### EXERCISE DETAILS
To complete this task, print all the data below exactly but leave out the images.

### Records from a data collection

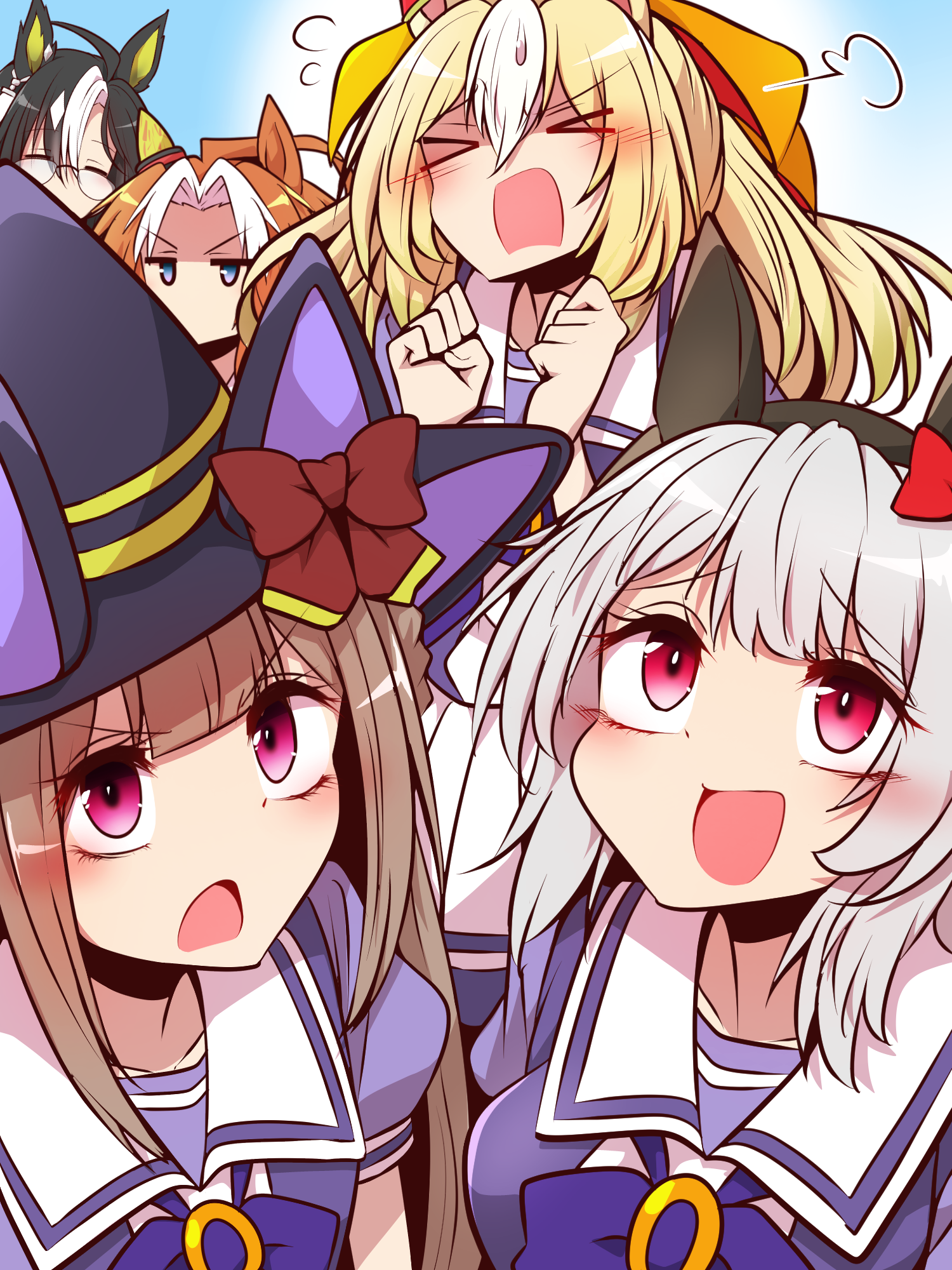 >_< 5girls ahoge animal_ear_headwear black_hair black_hairband blonde_hair blue_eyes blunt_bangs bow bowtie braid braided_hair_rings bright_pupils clenched_hands closed_eyes commentary_request curren_chan_(umamusume) dream_journey_(umamusume) durandal_(umamusume) ear_bow ear_covers ear_ornament fake_animal_ears flying_sweatdrops from_above glasses grey_hair hair_between_eyes hair_intakes hair_rings hairband hat hat_bow hat_ribbon highres huge_ahoge jealous long_hair looking_at_viewer looking_up medium_hair multicolored_hair multiple_girls orange_hair orfevre_(umamusume) puff_of_air puffy_short_sleeves puffy_sleeves purple_bow purple_bowtie purple_eyes purple_hat purple_shirt red_bow red_eyes ribbon sailor_collar school_uniform shirt short_sleeves sidelocks single_ear_cover single_hair_intake summer_uniform sweatdrop sweep_tosho_(umamusume) tracen_school_uniform two-sided_fabric two-tone_hair umamusume v-shaped_eyebrows white_hair white_sailor_collar witch_hat yonedatomo_mizu
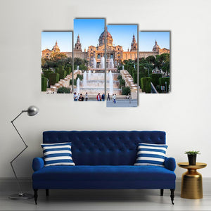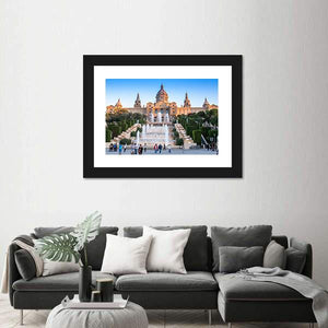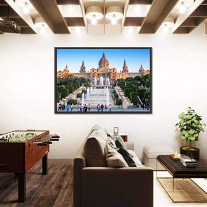 This canvas art showcases the stunning Palau Nacional in Barcelona, with its majestic dome and serene fountain surrounded by manicured hedges. Its vibrant palette of blue, beige, green, and white creates a tranquil vibe, making it a beautiful addition to any wall.
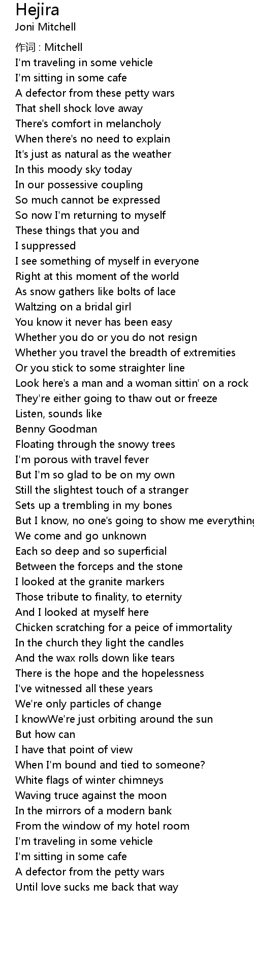 | Song | Hejira |
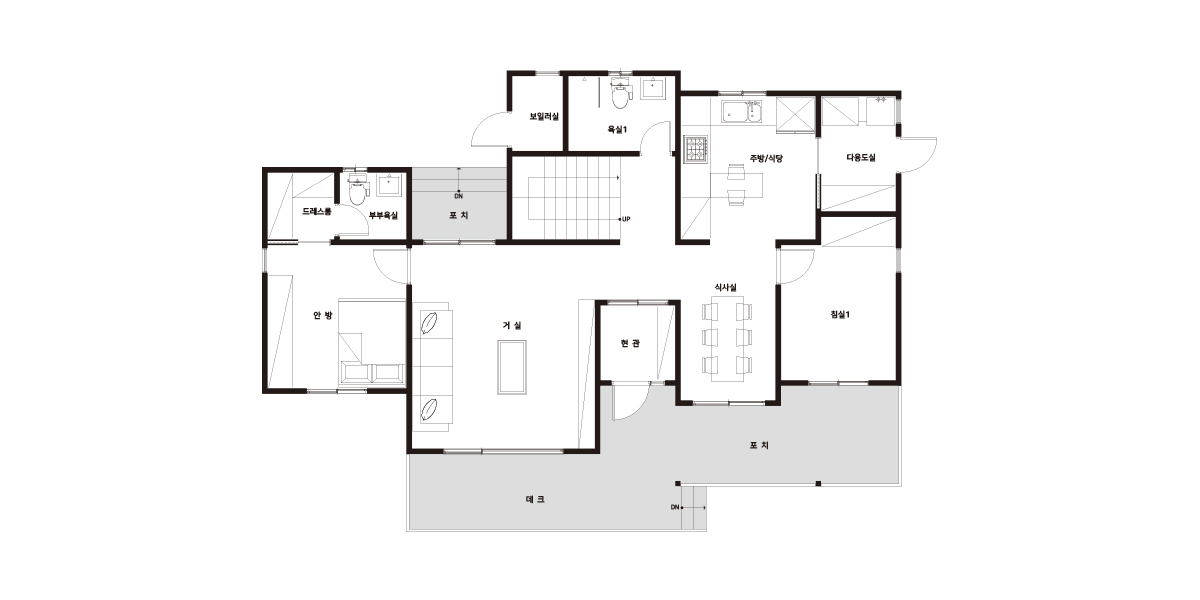 Floor Plan| 1F | 1층 구성: 안방, 드레스룸, 부부욕실, 거실, 현관, 보일러실, 욕실, 식사실, 주방, 침실, 다용도실 |
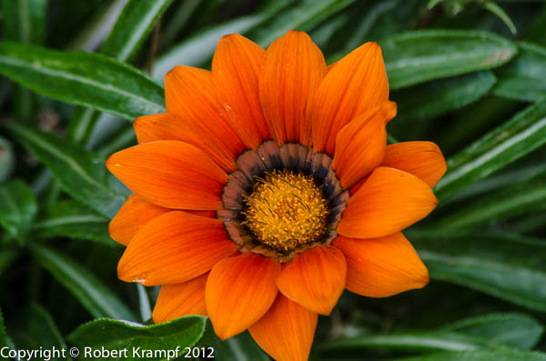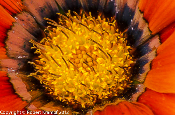 This plant is a Gazania, a member of the Aster family. They have composite flowers, which means that what appears to be a single flower is actually a cluster of flowers. Each of the large, colorful petals is a separate flower known as a ray flower. The center is made up of many small disk flowers, each with five small petals. That means that there are a LOT of petals in the photograph.

### EXERCISE ANSWER
 >_< 5girls ahoge animal_ear_headwear black_hair black_hairband blonde_hair blue_eyes blunt_bangs bow bowtie braid braided_hair_rings bright_pupils clenched_hands closed_eyes commentary_request curren_chan_(umamusume) dream_journey_(umamusume) durandal_(umamusume) ear_bow ear_covers ear_ornament fake_animal_ears flying_sweatdrops from_above glasses grey_hair hair_between_eyes hair_intakes hair_rings hairband hat hat_bow hat_ribbon highres huge_ahoge jealous long_hair looking_at_viewer looking_up medium_hair multicolored_hair multiple_girls orange_hair orfevre_(umamusume) puff_of_air puffy_short_sleeves puffy_sleeves purple_bow purple_bowtie purple_eyes purple_hat purple_shirt red_bow red_eyes ribbon sailor_collar school_uniform shirt short_sleeves sidelocks single_ear_cover single_hair_intake summer_uniform sweatdrop sweep_tosho_(umamusume) tracen_school_uniform two-sided_fabric two-tone_hair umamusume v-shaped_eyebrows white_hair white_sailor_collar witch_hat yonedatomo_mizu
 This canvas art showcases the stunning Palau Nacional in Barcelona, with its majestic dome and serene fountain surrounded by manicured hedges. Its vibrant palette of blue, beige, green, and white creates a tranquil vibe, making it a beautiful addition to any wall.
 | Song | Hejira |
 Floor Plan| 1F | 1층 구성: 안방, 드레스룸, 부부욕실, 거실, 현관, 보일러실, 욕실, 식사실, 주방, 침실, 다용도실 |
 This plant is a Gazania, a member of the Aster family. They have composite flowers, which means that what appears to be a single flower is actually a cluster of flowers. Each of the large, colorful petals is a separate flower known as a ray flower. The center is made up of many small disk flowers, each with five small petals. That means that there are a LOT of petals in the photograph.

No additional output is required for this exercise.